An area of contention during the NTSB hearings about Flight 3701 has been whether a condition called “core lock” contributed to the fatal crash. Under normal conditions, the rotating parts inside a General Electric CF34-3B1 turbofan engine slip by each other in a finely tuned choreography. However, when an engine is shut down suddenly at high torque, high altitude, and it isn’t restarted immediately, metal parts inside the engine begin to cool and contract at different rates. In rare cases, metal can contact metal and prevent the core from rotating freely–core lock.
The Air Line Pilots Association suggests that core lock, rather than pilot error, might have been the primary cause of the accident. But, a review of the flight data recorder makes clear that the pilots made a series of poor, and potentially fatal, decisions irrespective of whether the engines experienced core lock.

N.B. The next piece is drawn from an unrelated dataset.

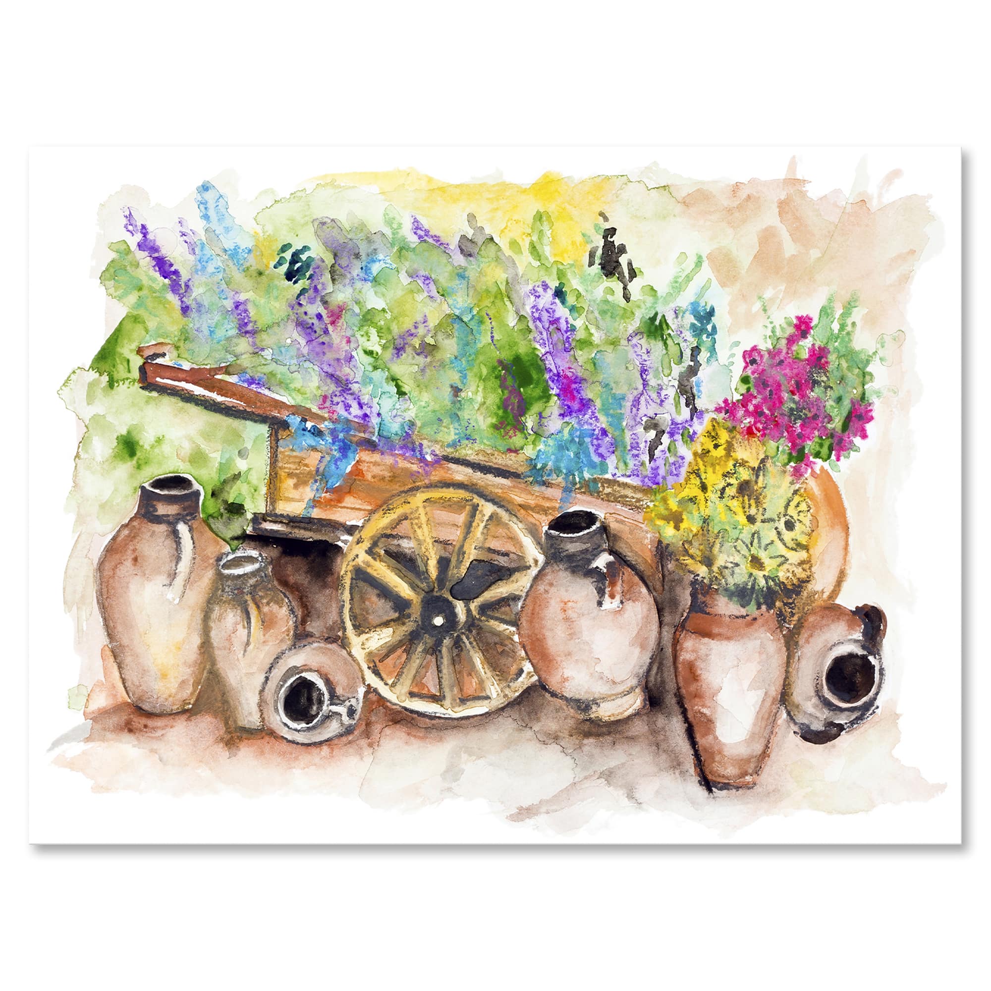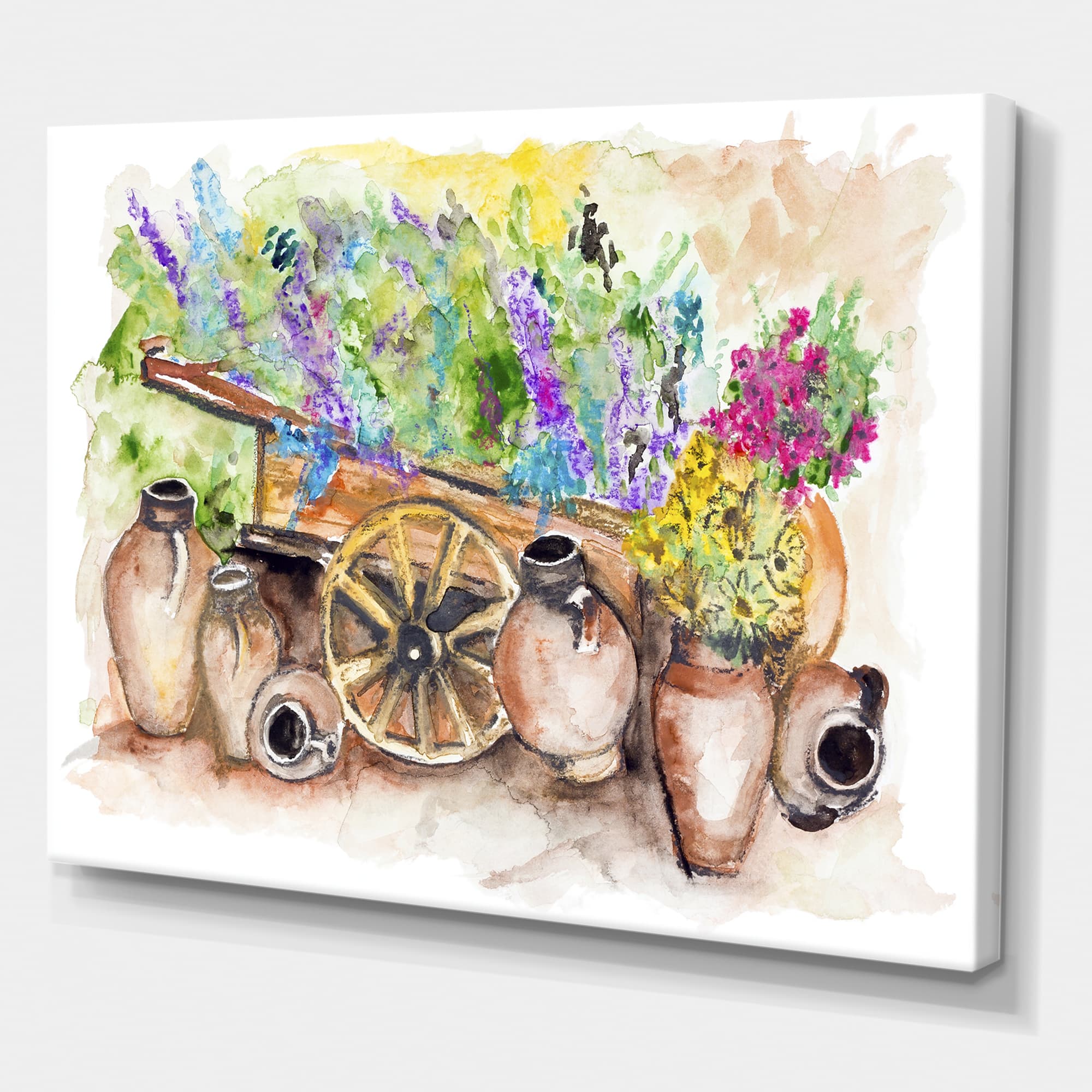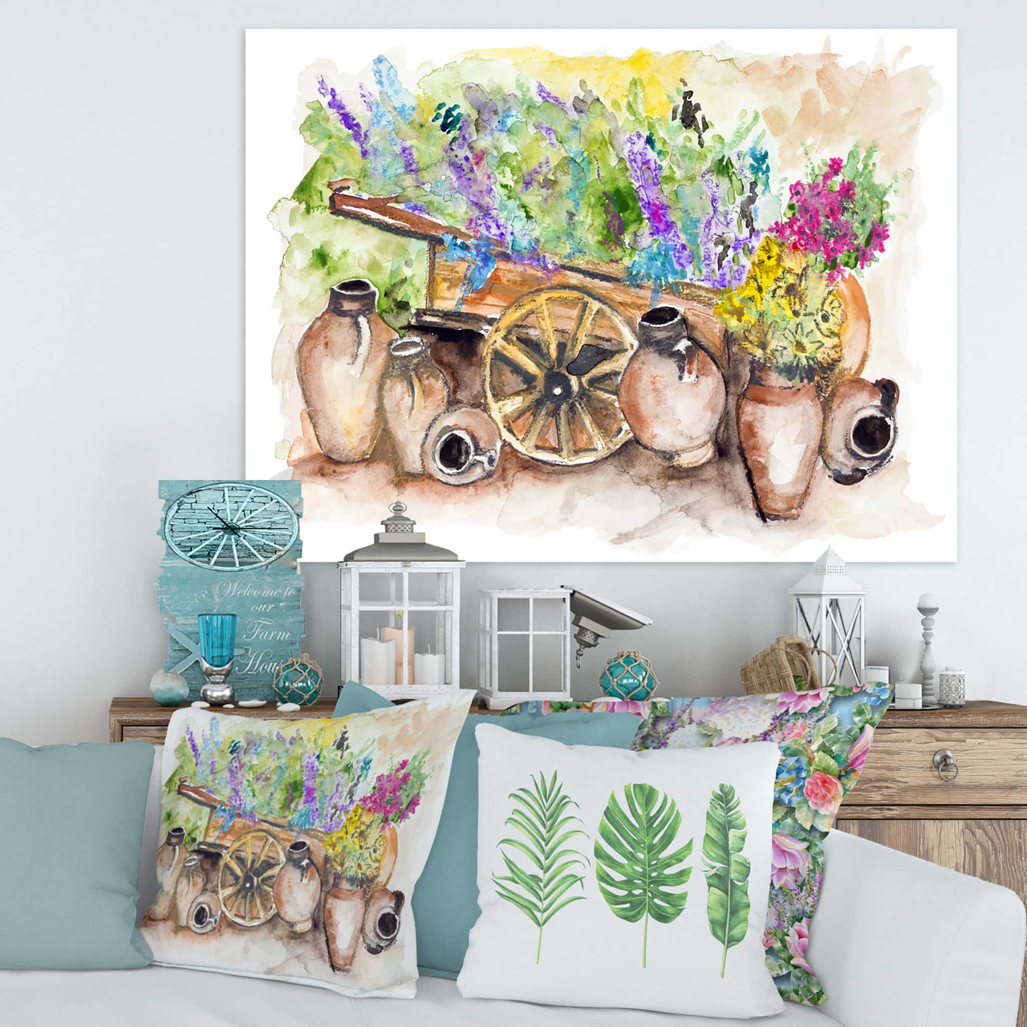 Designart - Lavender Flowers On Ancient Cart - Traditional Canvas Wall Art Print
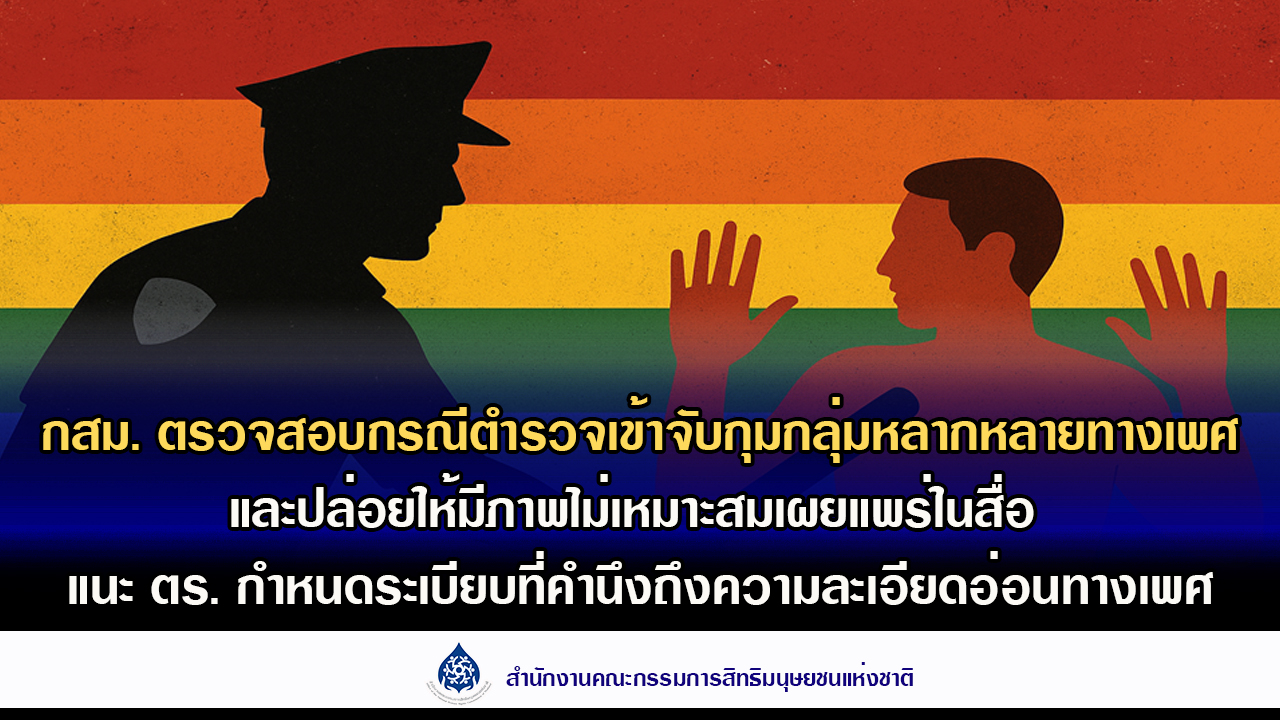1. กสม. ตรวจสอบกรณีร้องเรียนว่าเจ้าหน้าที่ตำรวจปฏิบัติหน้าที่ไม่เหมาะสมในการเข้าจับกุมกลุ่มหลากหลายทางเพศและปล่อยให้มีภาพเผยแพร่ในสื่อ แนะ ตร. กำหนดระเบียบที่คำนึงถึงความละเอียดอ่อนทางเพศ

The Bombardier has a 41,000-ft. service ceiling. However, according to the climb profiles in the crew’s flight manual, the maximum altitude for the 500-ft.-per-minute climb the pilots set was only 38,700 ft., based on the atmospheric conditions and the aircraft’s weight that night. By operating outside the airplane’s performance envelope, Rhodes and Cesarz subjected the engines to tremendous stress. The flight data recorder shows that soon after the crew ignored the fourth stall warning, the core temperature of the right engine reached 2200 degrees–almost 600 degrees above redline. When investigators pulled apart the right engine, they found that the ends of the high-pressure turbine blades had liquefied, resolidifying on the low-pressure blades behind them. This leads some industry experts to question if the right engine ever could have restarted. Whether the left engine locked up is still being investigated. GE helped the NTSB disassemble Flight 3701’s engines. Edward Orear, GE’s former program manager for the CF34-3B1 engine, testified to the NTSB that neither engine showed evidence of core lock.
The data recorder shows that the pilots failed to follow proper procedures for restarting a flamed-out engine when they pulled out of their dive before reaching the necessary speed to spin the core. Whether the apparently undamaged left engine could have restarted if they had windmilled correctly may never be known. It’s also unresolved why the left engine didn’t restart when the pilots used the APU. Since the crash, Pinnacle has set a ceiling of 37,000 ft. for all CRJ200 flights. It has also added detailed climb profiles to the pilots’ quick reference guides. And the airline has modified its simulator training program, incorporating dual engine failure and stall recovery scenarios. Although Flight 3701 ended tragically, it illustrates how many safety features protect commercial passengers. The crew misused the auto-pilot, took the plane outside its envelope and repeatedly overrode the safety system.
As one pilot said: “It’s an object lesson in how many things you have to get wrong in order to crash your plane.”